Disruption of our supply chain, including as a result of the COVID-19 pandemic, and changes in weather conditions could have an adverse effect on our business, financial condition, results of operations and cash flows.
Consolidation in our distribution channels, and competitive, economic and other pressures facing our customers, may hurt our profit margins.
Our sales and profit growth are dependent upon our ability to expand existing market penetration and enter into new markets.
Violations of laws or regulations by us or our third party contract manufacturers, as well as new laws or regulations or changes to existing laws or regulations, could adversely affect our business.
We may not be able to effectively manage our growth, which could materially harm our business, financial condition, results of operations and cash flows.
If we pursue acquisitions or other strategic transactions, we may not be able to successfully consummate favorable transactions or successfully integrate acquired businesses.
Fluctuations in our business due to changes in our promotional activities and seasonality may have an adverse impact on our financial condition, results of operations and cash flows.
Loss of, a significant reduction of purchases by or bankruptcy of a major customer may adversely affect our business, financial condition, results of operations and cash flows.
Economic downturns could limit consumer and customer demand for our products.
Impairment in the carrying value of intangible assets could negatively impact our financial condition and results of operations. If our goodwill or other intangible assets become impaired, we will be required to record additional impairment charges, which may be significant.
We have significant debt and high leverage, which could have a negative impact on our financing options and liquidity position and could adversely affect our business.
Despite our level of indebtedness, we may be able to incur substantially more debt, which could further exacerbate the risks described above, and we may in any event be required to maintain a minimum level of indebtedness.
The agreements governing our debt contain various covenants that limit our ability to take certain actions and also require us to meet financial maintenance tests, and failure to comply with these covenants could have a material adverse effect on us.
To service indebtedness and fund other cash needs, we will require a significant amount of cash, and our ability to generate cash depends on many factors beyond our control.
Post controls our Company and has the ability to control the direction of our business.
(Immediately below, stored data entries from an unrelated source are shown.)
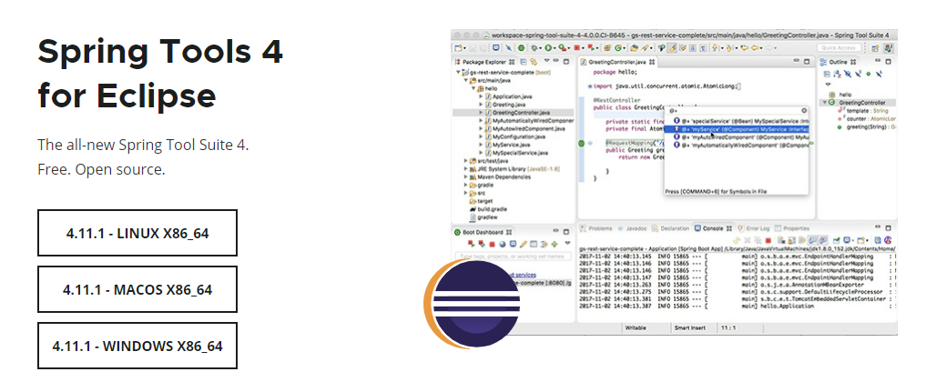 Largely rebuilt from scratch, Spring Tools 4 provides world-class support for developing Spring-based enterprise applications, whether you prefer Eclipse, Visual Studio Code, or Theia IDE.
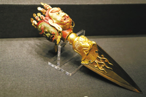 持驗(yàn)法器單元主要展示修持佛法、舉行佛事活動(dòng)和佛教儀式時(shí)所用的法器,包括金剛鈴、金剛杵、嘎巴拉碗、嘎巴拉鼓、嘎巴拉念珠、喀章嘎、金剛橛、鉞刀等。本部分所選法器多為藏傳佛教密宗修行所用,因多存于庫房,已不在原佛堂陳設(shè),其用途和使用場所便難以知悉。故宮中有許多佛堂,大多是乾隆時(shí)期建造,其中很多是密宗佛堂,如雨花閣、梵華樓、梵宗樓、養(yǎng)心殿西暖閣佛堂等。
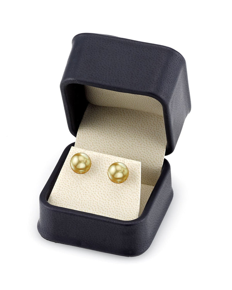 You'll appreciate the captivating glow of these stunning pearl earrings. Crafted from genuine Golden South Sea pearls, they feature remarkable hues and a luminous luster that captures attention. The AAA quality pearls, measuring 9.0-10.0mm, offer a unique combination of natural shades, including beautiful overtones of Neutral Gold, Rose, Silver, and Bronze. Each pearl is skillfully mounted on solid 14K Yellow or White Gold posts, ensuring they are as durable as they are elegant. These earrings come in a Signature Little Black Gift Box, complete with a certificate of authenticity and Pearl Care Instructions, ready to add a touch of luxury to your collection.
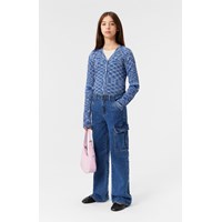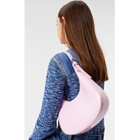 Pink shoulder bag with curved shape, glossy finish, zipper, and adjustable strap.
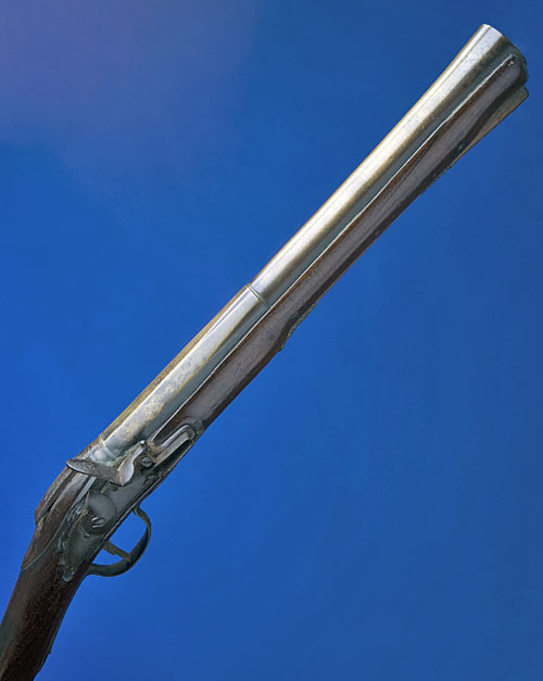 brass two-stage barrel with belled muzzle, marked 'LONDON' and scroll engraved toward the tang and stamped with a makers mark (tang screw missing), border engraved lock (broken cock, metalwork discoloured), missing sideplate, walnut stock with iron mounts (woodwork in poor condition), London proof marks
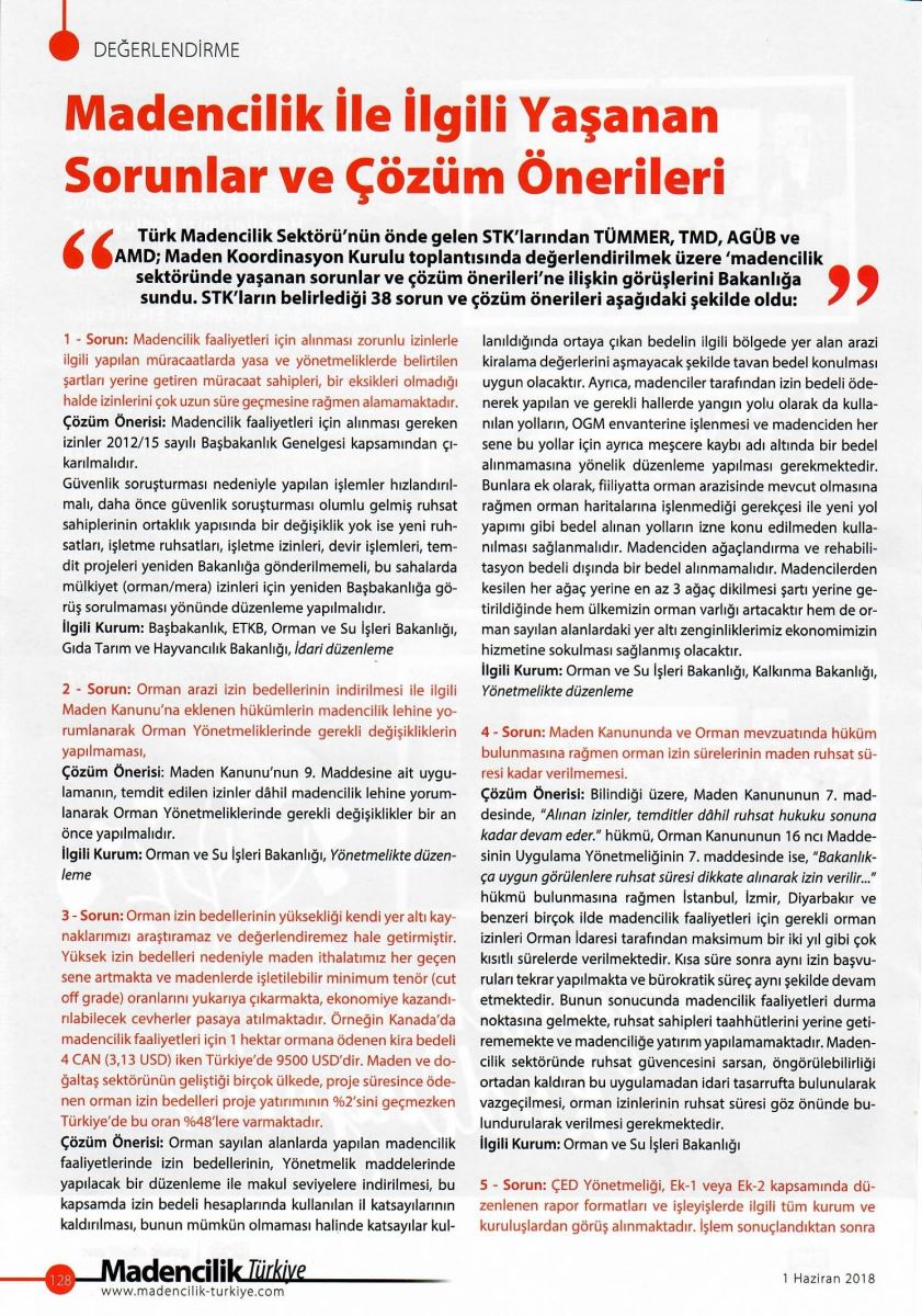 Madencilik İle İlgili Yaşanan Sorunlar ve Çözüm Önerileri Raporumuz Madencilik Türkiye Dergisinde Yayınlandı

Post’s interests may conflict with our interests and the interests of our other stockholders. Conflicts of interest or disputes between Post and our Company could be resolved in a manner unfavorable to our Company and our other stockholders.
Our amended and restated certificate of incorporation could prevent us from benefiting from corporate opportunities that might otherwise have been available to us.
In order to preserve the ability of Post to distribute its beneficial retained interest in BellRing Brands, LLC (“BellRing LLC”) on a tax-free basis, we may be prevented from pursuing opportunities to raise capital, to effectuate acquisitions or to provide equity incentives to our employees, which could hurt our ability to grow.
Our agreements with Post require us to indemnify Post for certain tax liabilities.
The tax receivable agreement with Post and BellRing LLC requires us to make cash payments to Post for certain tax benefits we may realize in the future, and these payments could be substantial.
We will not be reimbursed for any payments made to Post under the tax receivable agreement in the event that any tax benefits are disallowed.
In certain cases, future payments under the tax receivable agreement to Post may be accelerated or significantly exceed the actual benefits we realize in respect of the tax attributes subject to the tax receivable agreement.
Our organizational structure confers certain benefits upon Post and certain of its successors and assigns that may not benefit our Class A common stockholders to the same extent, and that could result in determinations harmful to the interests of such stockholders.